NHS patient starved to death

A hospital trust will have to pay damages after a patient who had undergone a successful operation for cancer was then inadvertently starved and poisoned to death. Roy Hodgson, 66, a retired pub landlord, underwent a surgical operation to remove a tumour in his throat at the Cumberland Infirmary, in Carlisle, and was given a good chance of making a full recovery. But he suffered weeks of starvation after a nurse failed to insert a feeding tube correctly into his stomach, and senior medical staff failed to spot the mistake.
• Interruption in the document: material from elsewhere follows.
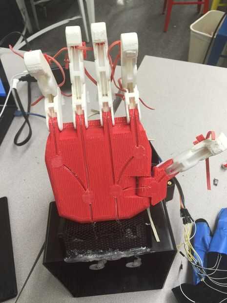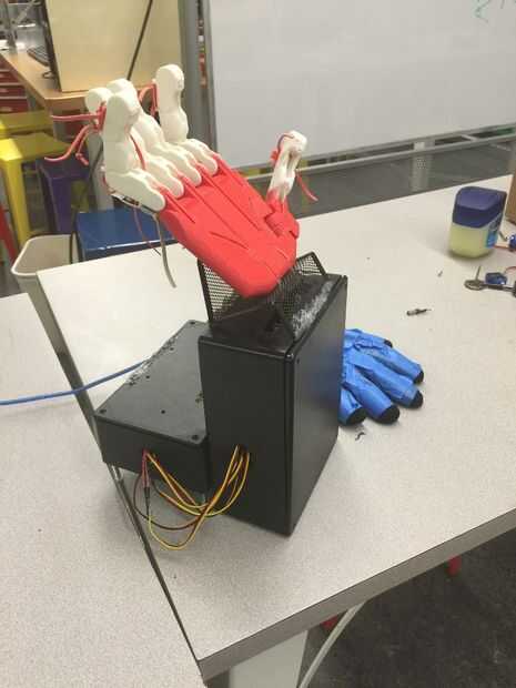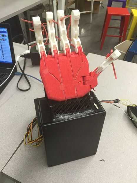El siguiente es el montaje de la mano robótica. Cada pieza encaje en su lugar muy fácilmente con poca fricción, aunque eso no puede ser cierto dependiendo del trabajo de impresión, aunque si es un problema, jalea de petróleo puede ser usada. Caliente de nylon del pegamento a la parte superior de cada dígito y alambre a través del chisme, entonces lugar una banda de goma entre dos dígitos en cada dos muescas y la mano sí mismo está lista.
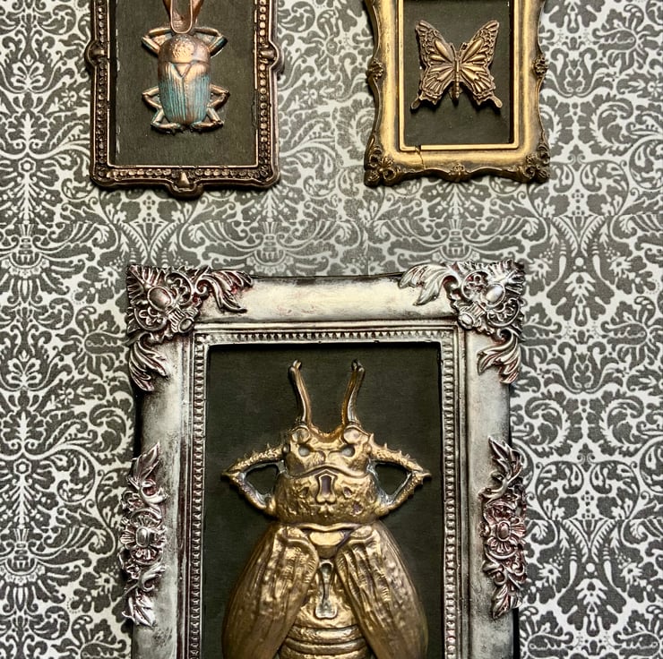 Inspired by natural history cabinets of curiosity. I look to emulate on a much smaller scale. Sustainable and ethically made, these collections will add a touch gothic elegance to any wall or bookcase.

Mr Hodgson, a father of three grown-up children who ran the Three Tuns pub in Cleator, West Cumbria, for 20 years, suffered such hunger pangs that he attempted to flee the hospital and was discovered near its entrance clutching his stomach.
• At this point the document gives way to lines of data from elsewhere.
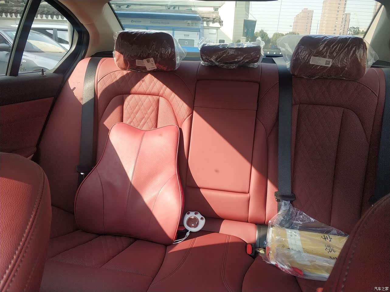 绛红色的座椅颜色很是喜欢,大气稳重而不失典雅,软硬适度,用料有档次,氛围灯配着音乐相当有感觉。空调前后通风恰当好处,清新感也很好。
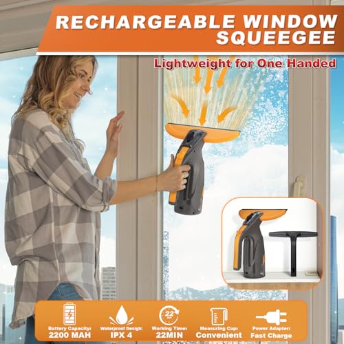 - 3-in-1 Electric Window Cleaner: The window vacuum comes with 2 x Microfiber Cleaning Cloth, 1 x Spray Bottle (built-in), 1 x Storage Tank (built-in), 1 x Charging Adapter, 1 x Cleaning Wiper, 1x Measuring Cup, 1 x Maunal. One-touch to spray, cleaning and absorbs water with this window cleaning tool, makes clean more Convenient and efficient
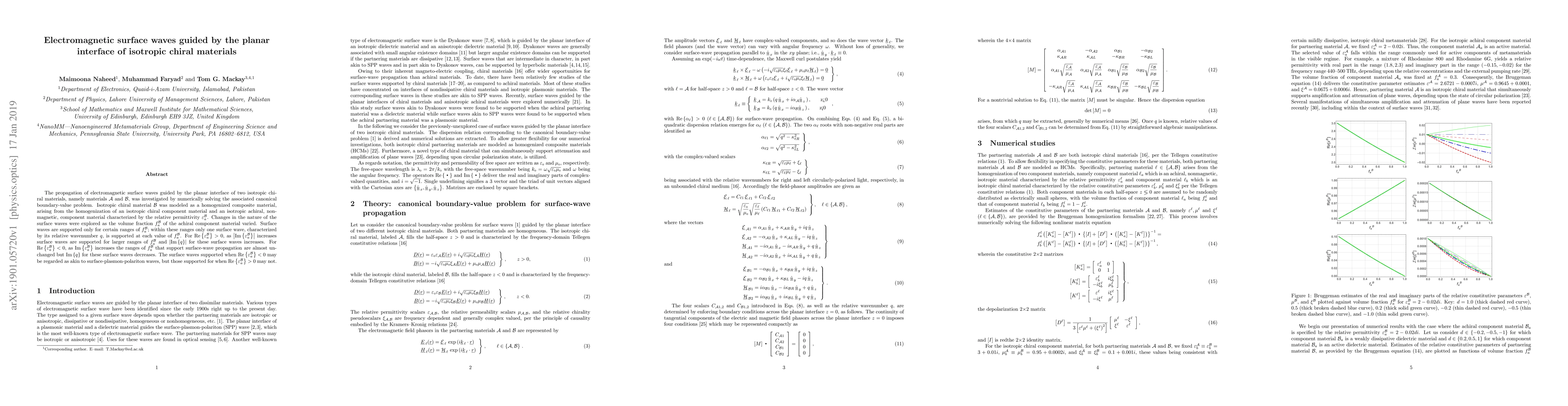 This paper investigates electromagnetic surface waves guided by the interface of two isotropic chiral materials, $\calA$ and $\calB$. Numerical analysis reveals that $\calB$'s composite nature affects surface wave propagation, with only specific volume fractions of its achiral component supporting waves, altering wave characteristics based on the component's permittivity.
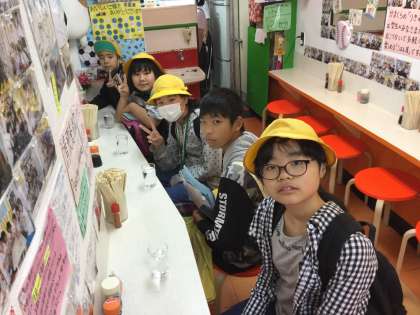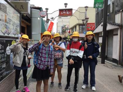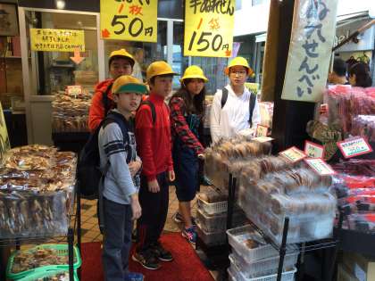 小町通りを散策しています。お昼ごはんを食べているグループもいます。

It emerged at his inquest that several days after his operation on October 16, 2004, the feeding tube came out and the nurse put it back in the wrong place. A radiologist who examined a scan of the area did not spot the error. When nurses fed him through the tube with liquid nourishment, they were effectively poisoning him. He died two weeks later after developing peritonitis.

At the time Karen Hodgson, his daughter, described how her father kept asking for something to eat and drink, and showing them how swollen his stomach was. He would have to write notes to explain his hunger. She said: "A couple of days before he went back into intensive care, the nurses found him in the hospital foyer with his coat on, crouched by the wall and holding his stomach."

The National Health Service Litigation Authority, which handles major claims against NHS hospitals, has written to the family's lawyer confirming that the trust accepts medical negligence. There is yet to be an assessment of the level of damages. Markus Nickson, the family's solicitor, said that the hospital had admitted that staff failed to give Mr Hodgson the care he needed and that he died as a result. He said: "What Mr Hodgson and his family have gone through was appalling."

The hospital, part of the North Cumbria Acute Hospitals NHS Trust, has insisted that it has learnt the lessons of Mr Hodgson's death. The hospital has changed its protocols and any reinsertion of a feeding tube is now only carried out by specialist staff.

Mark Hodgson, 28, the dead man's son, said that the family had not pursued legal action for the money but said that they did not want a similar thing happening to anyone else. He said: "We have been told that they have changed the procedure nationwide. That is the best thing we could have got from this."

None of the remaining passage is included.